The Australian Shareholders’ Association is the latest to add its voice to the call, with chief executive Rachel Waterhouse saying a slew of recent scandals meant his position was untenable.

“What I’ve been hearing from retail shareholders (is) that change is required and that Richard Goyder should step down,” she told ABC’s The Business.

The rest of the board was also put on notice to “contemplate themselves and the skills required for the future”.

The pilots union has also called for the chairman’s head, saying morale had never been lower following the illegal sacking of 1700 workers and allegations of illegally marketing cancelled flights.

Qatar Airways’ senior vice-president of corporate affairs Fathi Atti and senior vice-president of global sales Matt Raos will also front the inquiry on Wednesday, as will representatives from the Australian Airports Association and airlines Bonza and Rex.

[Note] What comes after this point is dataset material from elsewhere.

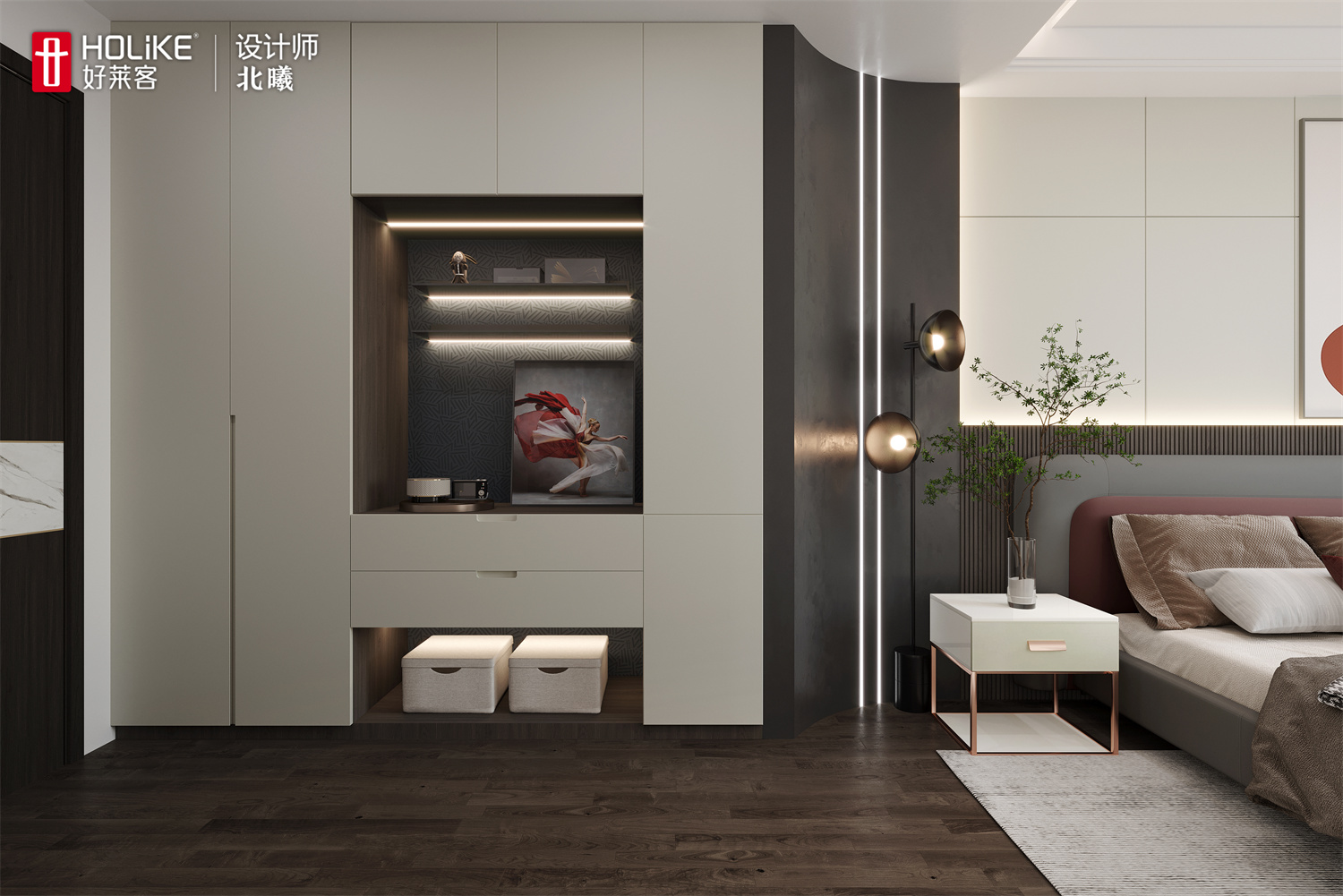 打造顶天立地衣柜,减少顶部积灰,易于打理卫生。柜体中部、底部留空,方便放置日常起居用品,十分贴心。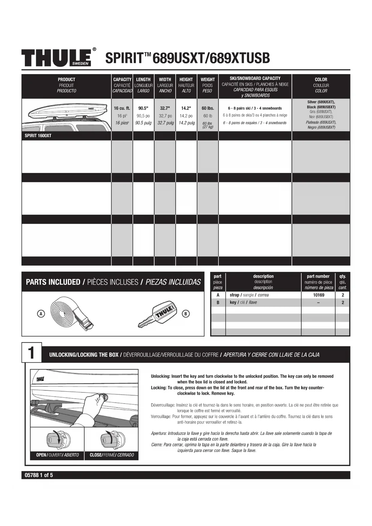 Spirit 689USXT - Coffre de toit THULE - Notice d'utilisation et mode d'emploi gratuit

The Qatar Civil Aviation Authority has accused Qantas of protecting its commercial interests with its partnership with Emirates, with Qatar’s current cap of 28 weekly flights compared with Emirates’ 84 and Etihad’s 63.

Transport Minister Catherine King has not elaborated on what “national interest” she used to deny the flights.

Flight caps could impede competition between airlines and ultimately punish consumers, Productivity Commission deputy chair Alex Robson told the inquiry on Tuesday.

Qantas was a “wannabe luxury consumer brand that really acts as a funnel for corporate greed”, Transport Workers Union national secretary Michael Kaine said.

He said nothing would change if the status quo was left intact.

Nationals senator and committee chair Bridget McKenzie said Qantas had “not covered itself in glory”.